# Smoked rack of lamb



## coco

My wife picked up a rack of lamb from Trader Joe's over the weekend, so I decided it was a great idea to smoke it while I had other things to do last night.

First, put my favorite "lamb rub" on it, Penzey's Bicentennial rub.














I smoked it at 250-275 until an internal temp of 150F. Here they are out of the smoker:







I like a little "sear" on my rack, so I foiled the ribs, and fired up the toaster/convection oven to 425F.







In the mean time...prepare the sides:

Some red onion sauteed in olive oil with Japanese brown rice I had previously cooked for something else.













The soycatash as a veggie:







Sides are coming along, oven is ready...let's cut up the rack.













Just a few minutes is all it takes...flip them, and sear the other side:







The final presentation:







Yep...it was tasty!!!


----------



## rbranstner

Very nice.

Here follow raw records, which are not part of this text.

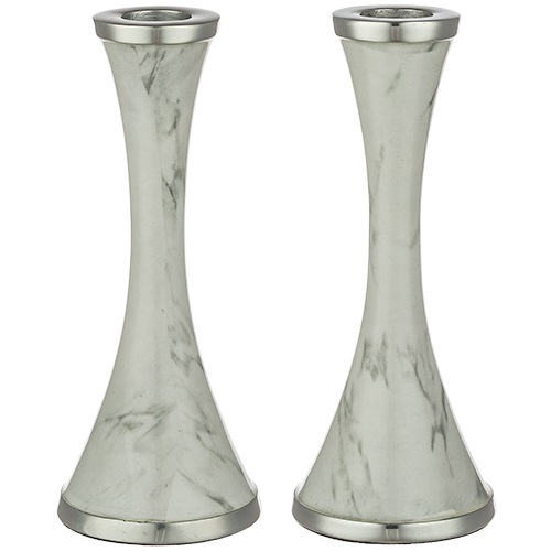 / זוג פמוטי אלומניום שיש לבן 17.5 ס"מ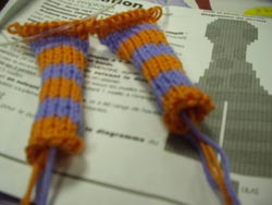 At first I found the duplicate stitch to be pretty slow going, but after a while I got the hang of it. Especially after one of my fellow Knitsmiths reminded me that no one will ever see the wrong side of the work, cause it'll be all stuffed and sewn up. Oh yeah! That makes the thought of weaving in all those ends slightly less paralyzing.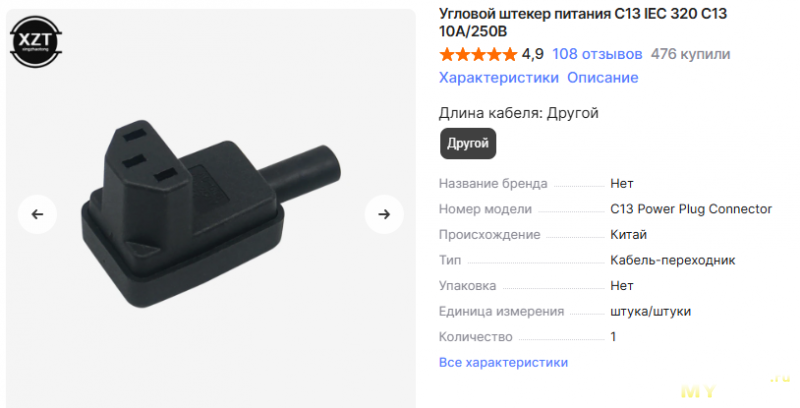 Самый типовой для подключения электроприборов метровый Шуко — C13 стоит 420₽ с озон картой.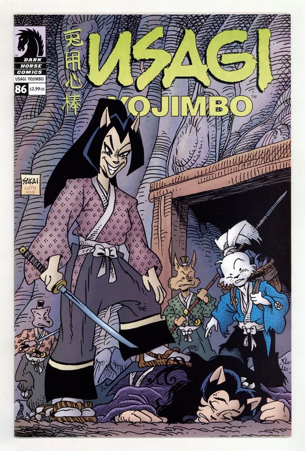 Published Aug 2005 by Dark Horse.$12.00Story and art by Stan Sakai. Usagi Yojimbo has been captured! The greedy Lord Sanada is operating an illegal gold mine in the Geishu province and has put Usagi and Tomoe Ame to work as his slaves. Sanada has been killing those who would get in the way, and his deadliest enforcer-- Noriko "the blood princess"--is none other than Tomoe's own cousin! In this issue, master storyteller Stan Sakai's fourth installment of the six-part "The Treasure of the Mother of Mountains," the cruel sociopath Noriko reveals a devastating secret to her enslaved cousin. Meanwhile, the young page Motokazu fears for Tomoe's safety and rides off without permission to help her ... and has an unexpected adventure of his own! 32 pages, B&W. Cover price $2.99.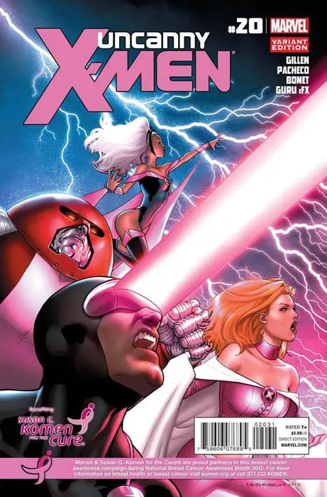 Marvel se enorgullece de colaborar con Susan G. Komen For the Cure para apoyar sus esfuerzos sin igual de alertar sobre el riesgo de contraer cáncer tanto en mujeres como en hombres. Estamos en una posición única de educar a todos nuestros fans e incrementar la información de las formas que existen para luchar y reducir el riesgo de este desastre usando nuestros cómics y presencia online.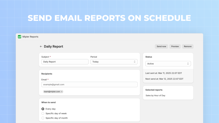 For ongoing insights, you can automate the report. Mipler allows you to schedule the Shopify Fulfillment Report to be emailed to you (and your team) automatically. Set it to send you a report every morning with yesterday’s hourly sales breakdown. You can also schedule weekly or monthly summaries. Automation ensures your hourly sales data is always at your fingertips without manual effort.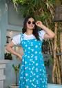 Elevate your casual fashion game with this chic and comfortable black floral dungaree dress with white puff-sleeve top – a style that blends Indian comfort with international trends! The sleeveless dungaree features a playful white daisy print all over, exuding charm and freshness. Paired with a cute white frilled cotton top, it creates a youthful, trendy look perfect for college days, vacations, brunch outings, or casual get-togethers.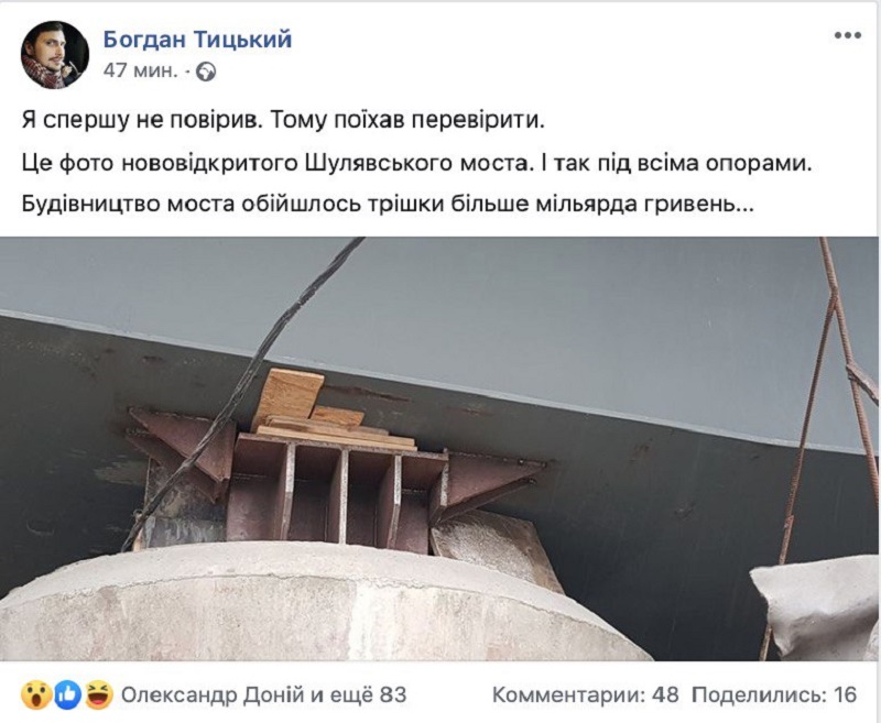 А ведь помните, как строительство этого моста противопоставлялось строительству Крымского моста. Мол, на Украине тоже могут качественно реализовывать инфраструктурные проекты, пусть даже и по ремонту большого моста.

I always enjoy lamb.


----------



## pineywoods

That looks like an awesome meal


----------



## adiochiro3

I love lamb!  Have to try smoking a rack soon.  Nice q-view!


----------



## fire it up

Great job!


----------



## mballi3011

Now thats some good looking lamb and we love us some lamb in this household.


----------



## Bearcarver

NICE----Freakin' NICE !--------------->>
	

	
	
		
		



		
		
	


	






Bearcarver


----------



## chainsaw

Looks great, wish we could get it here easier!


----------



## meateater

Great looking goat!


----------



## werdwolf

This is simple, but looks so good!


----------



## hannibal

Looks good.


----------